■ **Required action**
Using the entries below, copy out all lines where "Abonné" is found.

■ **Data in this exercise**
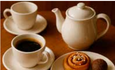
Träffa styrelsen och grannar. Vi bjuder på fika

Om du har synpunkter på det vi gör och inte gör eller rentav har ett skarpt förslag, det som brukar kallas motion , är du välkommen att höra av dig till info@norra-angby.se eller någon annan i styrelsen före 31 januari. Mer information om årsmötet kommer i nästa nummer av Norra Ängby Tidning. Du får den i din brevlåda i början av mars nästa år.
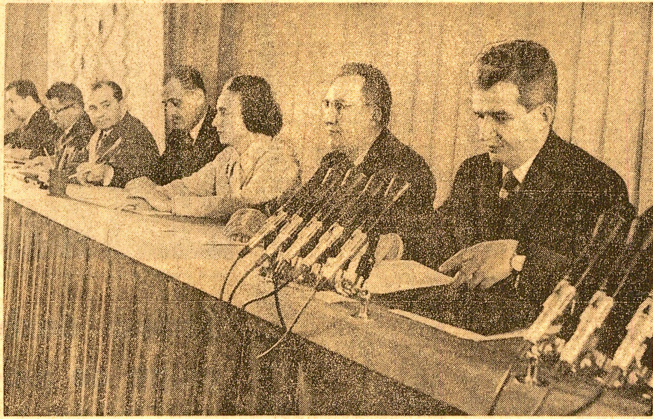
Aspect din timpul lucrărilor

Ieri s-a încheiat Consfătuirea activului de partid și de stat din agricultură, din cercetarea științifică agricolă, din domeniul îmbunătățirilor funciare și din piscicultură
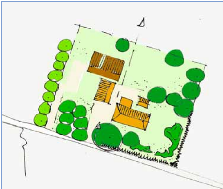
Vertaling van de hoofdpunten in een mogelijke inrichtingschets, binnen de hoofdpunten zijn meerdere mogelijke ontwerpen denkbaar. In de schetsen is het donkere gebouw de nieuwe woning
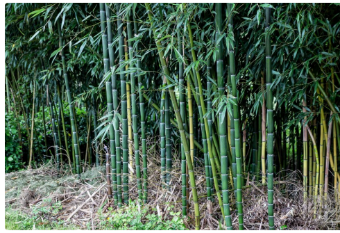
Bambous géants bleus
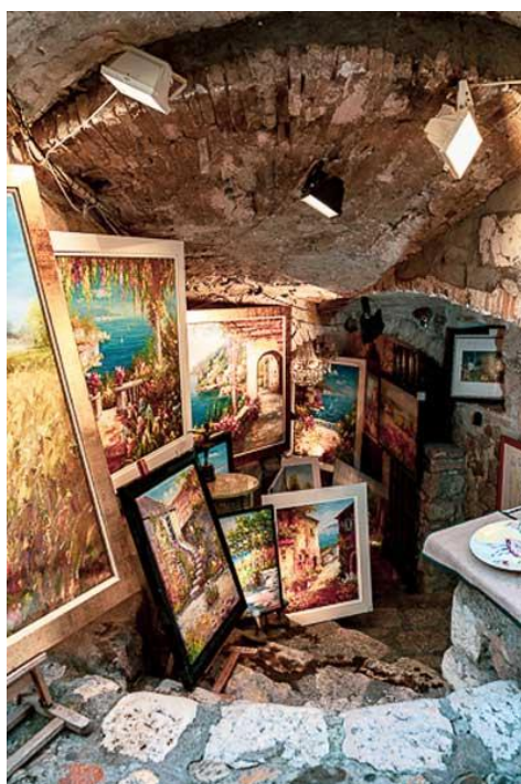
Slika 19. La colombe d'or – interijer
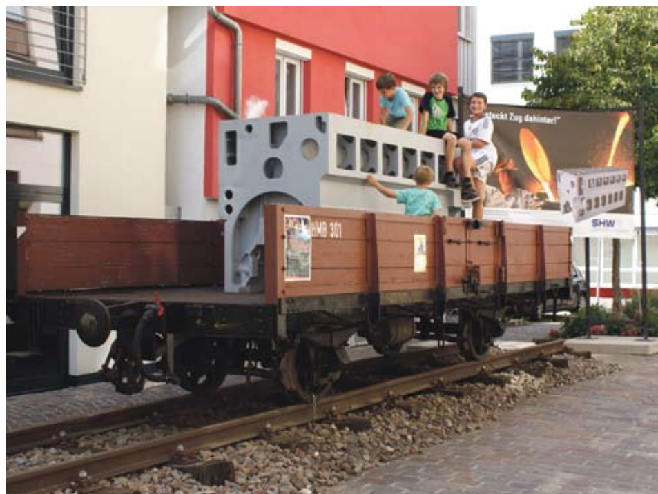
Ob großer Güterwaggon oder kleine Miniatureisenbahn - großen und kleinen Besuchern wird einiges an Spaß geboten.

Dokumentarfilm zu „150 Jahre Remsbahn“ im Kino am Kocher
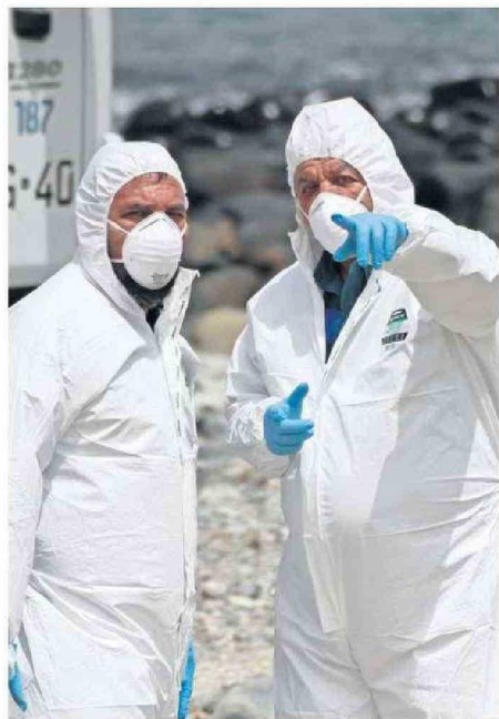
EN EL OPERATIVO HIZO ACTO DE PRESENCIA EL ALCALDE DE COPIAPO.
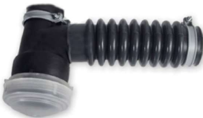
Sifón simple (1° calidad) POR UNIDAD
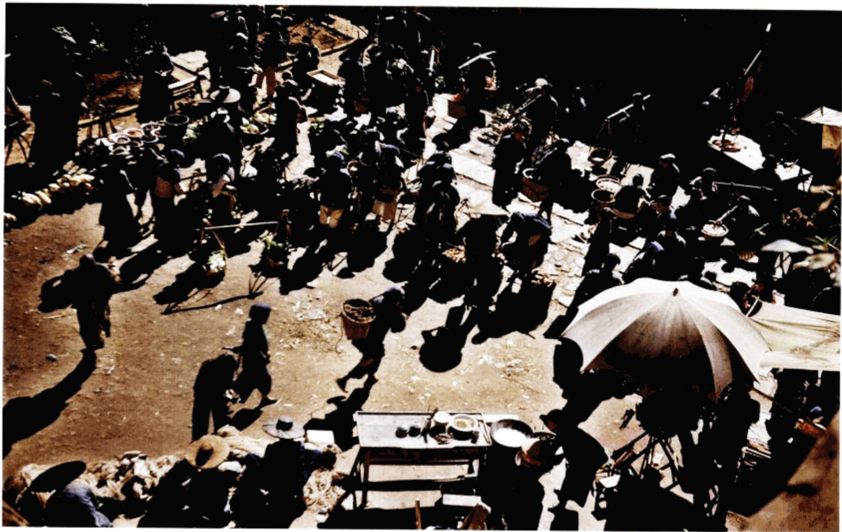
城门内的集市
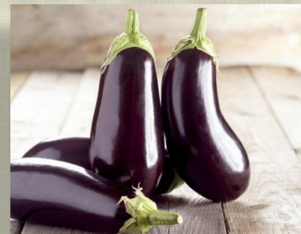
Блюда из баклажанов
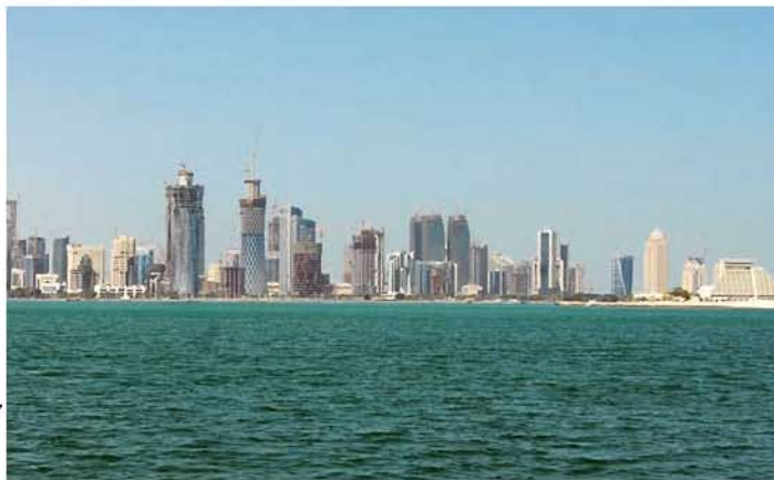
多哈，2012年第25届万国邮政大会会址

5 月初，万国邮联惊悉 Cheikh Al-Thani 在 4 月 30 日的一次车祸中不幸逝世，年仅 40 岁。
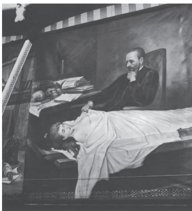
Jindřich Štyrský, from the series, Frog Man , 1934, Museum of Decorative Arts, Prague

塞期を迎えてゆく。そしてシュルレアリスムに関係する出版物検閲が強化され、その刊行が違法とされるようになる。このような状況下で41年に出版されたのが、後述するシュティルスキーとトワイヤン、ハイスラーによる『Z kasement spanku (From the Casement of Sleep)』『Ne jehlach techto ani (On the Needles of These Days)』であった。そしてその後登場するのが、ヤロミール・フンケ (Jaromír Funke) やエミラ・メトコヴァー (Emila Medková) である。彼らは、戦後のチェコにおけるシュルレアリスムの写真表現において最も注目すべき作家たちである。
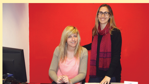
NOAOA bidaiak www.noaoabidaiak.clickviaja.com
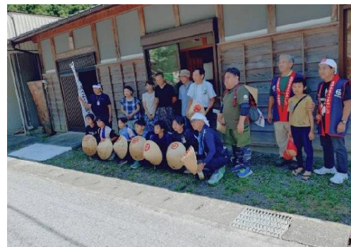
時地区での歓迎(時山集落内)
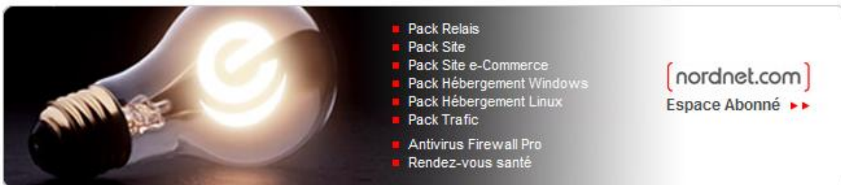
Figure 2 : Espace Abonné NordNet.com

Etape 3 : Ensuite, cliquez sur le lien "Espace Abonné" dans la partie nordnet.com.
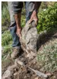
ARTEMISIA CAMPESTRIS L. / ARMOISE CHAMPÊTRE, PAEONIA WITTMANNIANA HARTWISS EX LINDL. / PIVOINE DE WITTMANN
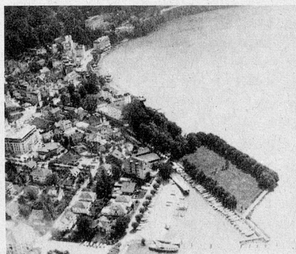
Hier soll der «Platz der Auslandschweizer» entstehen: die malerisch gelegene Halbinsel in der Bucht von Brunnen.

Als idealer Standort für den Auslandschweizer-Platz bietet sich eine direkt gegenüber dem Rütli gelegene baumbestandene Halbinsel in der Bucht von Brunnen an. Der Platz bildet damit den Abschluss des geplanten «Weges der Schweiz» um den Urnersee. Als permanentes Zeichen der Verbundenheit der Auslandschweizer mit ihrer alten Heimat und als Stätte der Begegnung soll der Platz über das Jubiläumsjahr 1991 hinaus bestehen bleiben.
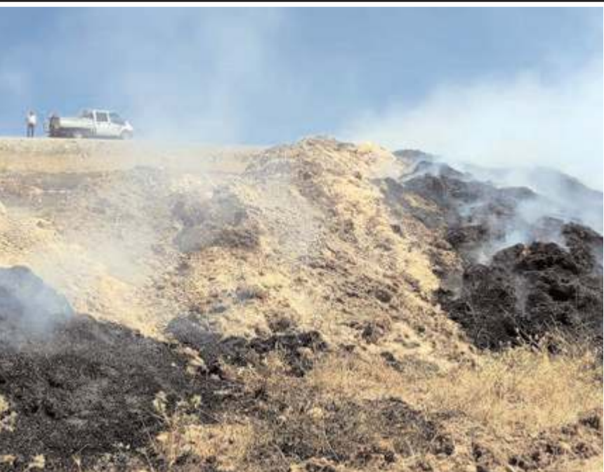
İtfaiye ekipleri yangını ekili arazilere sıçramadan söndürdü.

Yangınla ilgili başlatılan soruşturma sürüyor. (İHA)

■ **Response area**
Figure 2 : Espace Abonné NordNet.com
Etape 3 : Ensuite, cliquez sur le lien "Espace Abonné" dans la partie nordnet.com.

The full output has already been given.